In Spark Connect, every client session has its own class loader in the
server side (both driver and executors), for isolation purpose. However, when
closing the session, we don't close the class loader. We rely on GC to close
the class loader and release the resource, but it's unpredicatable and not
efficient. When sessions are being created frequently, OOM may happen.
This PR fixes the issue by closing URLClassLoader eagerly when closing a
session. It also adds a config so that we can tune the session cache size in
the executor side to save memory. With this patch, OOM is gone.

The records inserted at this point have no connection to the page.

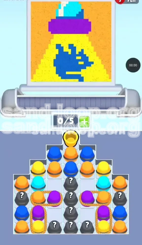 - The Rope Mechanic: Several Purple cups are tied to Orange cups. To get the Purple, you must accept the Orange. This effectively doubles the "cost" of that Purple sand in terms of belt space.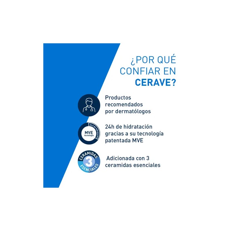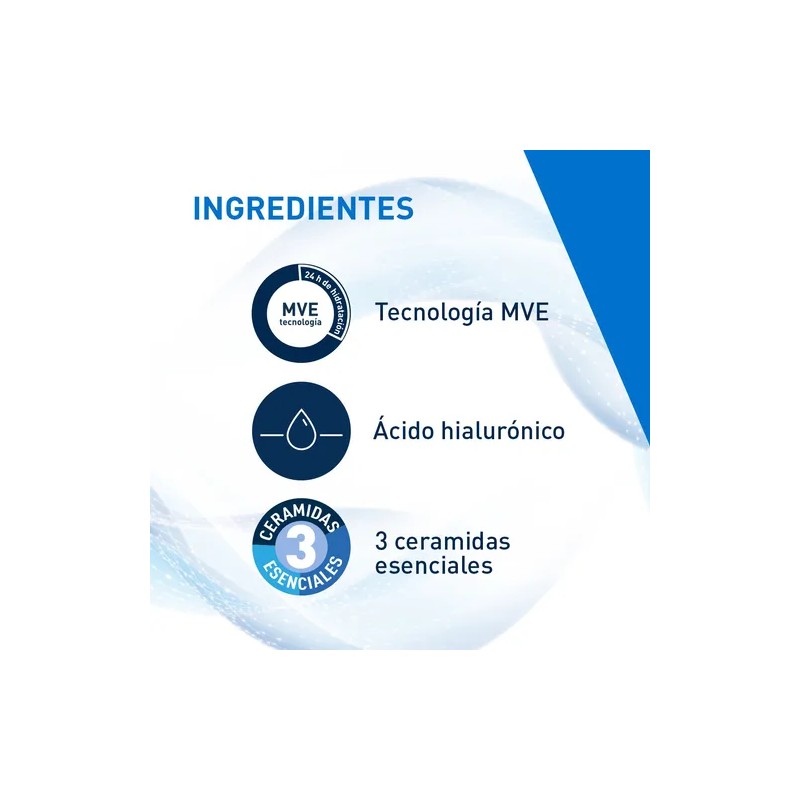 Desarrollada y Recomendada por dermatólogos, esta crema cuenta con la Tecnología patentada MVE que mantiene la piel hidratada durante 24 horas.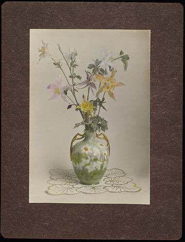 Part of a collection of images of plants and flowers taken by Robert Harvie: 18 glass positives, one hand coloured; 46 sets of stereographs, each set consisting of two individual, identical photographs [Note two sets only have one photograph] of selected handpainted photographs of flowers, a still life with fruit and a river scene.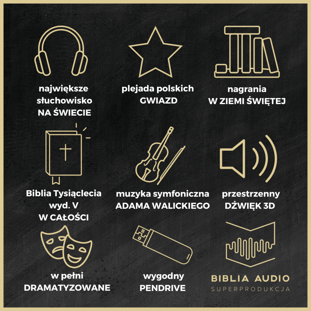 Poczuj się, jakbyś tam był, dzięki dającemu wrażenie głębi i przestrzeni dźwiękowi 3D, specjalnie skomponowanej muzyce Adama Walickiego oraz dźwiękom tła nagranym w samym sercu Ziemi Świętej! Szukasz Biblii z dużym drukiem, a i tak trudno zrozumieć, co czytasz? Nasz audiobook to świetny wybór zarówno dla osób ze słabszym wzrokiem, jak i pragnących po prostu lepiej poznać Pismo Święte. To Biblia ilustrowana Twoją wyobraźnią!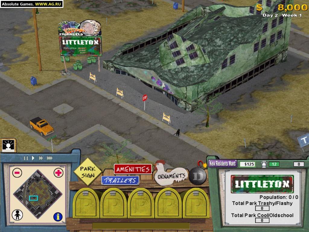Trailer Park Tycoon RUS Полная версия Последняя Дата выхода 2002 Разработчик Jaleco Entertainment Жанр Стратегии Обновлено 26 января 2025, 03:40 Список изменений Trailer Park Tycoon предоставляет возможность игроку стать настоящим директором парка домиков на колесах. Юзеру предстоит выстраивать разные трейлеры и конструкции для того, чтобы привлечь максимальное количество гостей в импровизированный городок. Сначала в парке находится 5-8 основных трейлеров, которые есть возможность три раза обновлять, но дальше по ходу игрового процесса начинают появляться разные специализированные вагончики для обслуживания людей по специфическим потребностям. Игра отличается достаточно проработанным геймплеем и наличием большого количества юмористических фишек. Также в Trailer Park Tycoon имеется неповторимая когорта персонажей, простые и полезные настройки, веселые места общественного пользования и очень юморные домики на колесах, которые отлично поднимают настроение. Чтобы герой стал настоящим трейлерным магнатом, нужно постоянно заботиться о прекрасном самочувствии и настроении жителей, а также руководить их жизнью и отношениями. Пользователь может настраивать место расположения своего недвижимого парка на колесах. Для выбора даны следующие локации: топкое болото, ветреная пустыня, большая страна и современный город. Также для игрока есть возможность строить крепкие решетки, открывать салон видеопроката, заводить фламинго розового цвета, выпускать на волю стаю собак, строить башни из пустых пивных баночек, а также постоянно контролировать денежные потоки главного протагониста. Скачать торрент Скриншоты Показать больше Видео из игры Скачать Trailer Park Tycoon Тип релиза RePack от MassTorr Версия (Полная) Последняя Размер 163.70 МБ Интерфейс Русский Озвучка Отсутствует Установка: Скачать .torrent торрент файл Скачать БЕЗ торрента прямая ссылка через uTorria Системные требования ОС: 7, 8, 10 Процессор: 450 Mhz Оперативная память: 128 Mb Видеокарта: 64 Mb Место на диске: 400 МБ Менеджмент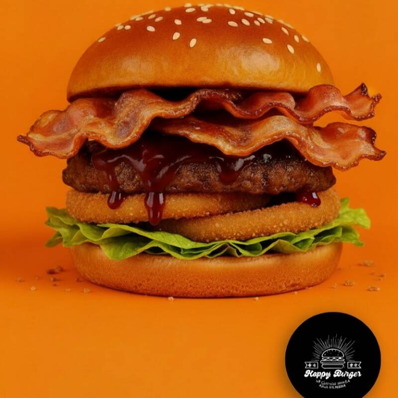 Carne envuelta en salsa BBQ, tocino chisporroteante y aros de cebolla crujientes que explotan al morder. El clásico americano que nunca pasa de moda.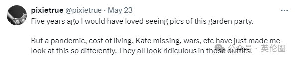 热心网友10号:五年前,我很想看看这场花园派对的照片。但疫情、生活成本、凯特失踪、战争等让我对此的看法大不相同。他们穿着那些衣服看起来都很可笑。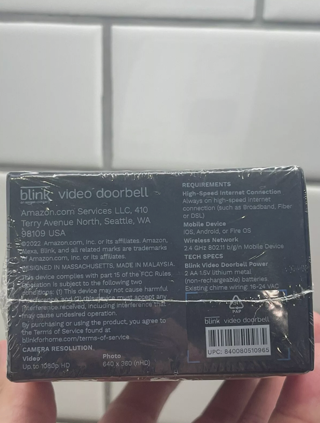 Blink Video Doorbell Wired/Battery Operated Two Way Audio Smart Wi-Fi New in box and sealed Dimensions: 130x42x34 mm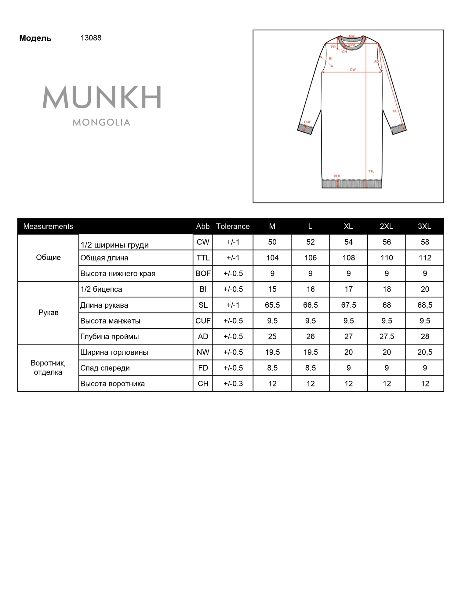 высокий ворот, манжеты на рукаве и подол выполнены "резинкой"
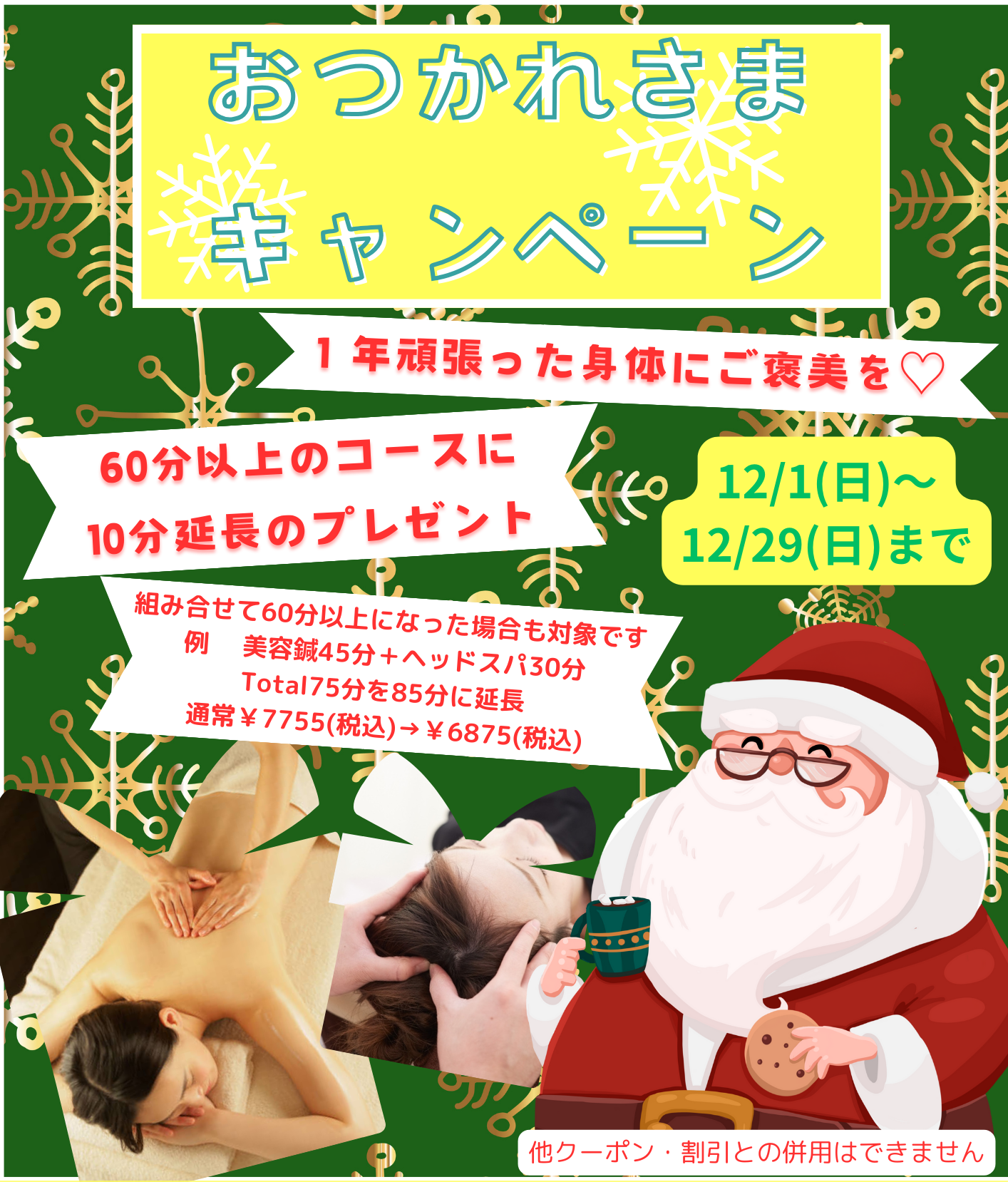 仕事納めや大掃除、家族行事などで疲れが溜まりやすい時期。フェイシャルマッサージは疲労感を和らげ、リフレッシュした表情で年末を迎えられます。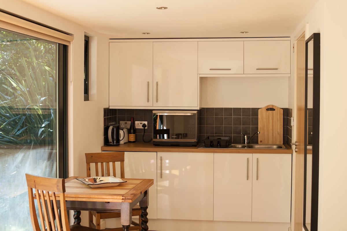 Det nybygde annekset ligger utenfor hovedveien på eiendommen til huset vårt. Det romslige annekset med ett soverom har en tilgjengelig dusj og et kjøkkenområde fylt med grunnleggende utstyr, servise, mikrobølgeovn, enkel platetopp, vaskemaskin og kjøleskap. Superraskt trådløst nettverk er tilgjengelig overalt med tilgang til vår nydelige hage med lekeområde for barn. Ligger i en vakker del av SE London gangavstand til mange grønne områder, f.eks. Greenwhich park. Lewisham sykehus ligger fem minutter unna og ni minutter til byen.

### Why are the changes needed?
avoid OOM
### Does this PR introduce _any_ user-facing change?
no
### How was this patch tested?
Our internal CI service has limited memory and
`SparkConnectJdbcDataTypeSuite` keeps failing due to OOM. This test suite
creates and closes sessions back to back frequently, and GC can't catch up to
release the class loaders.
### Was this patch authored or co-authored using generative AI tooling?
Generated-by: Cursor 2.1.36
Closes #53233 from cloud-fan/mem.
Lead-authored-by: Wenchen Fan <[email protected]>
Co-authored-by: Wenchen Fan <[email protected]>
Signed-off-by: Dongjoon Hyun <[email protected]>
(cherry picked from commit e2649651d78d7d5817ceca729b136d5bf9a00ff9)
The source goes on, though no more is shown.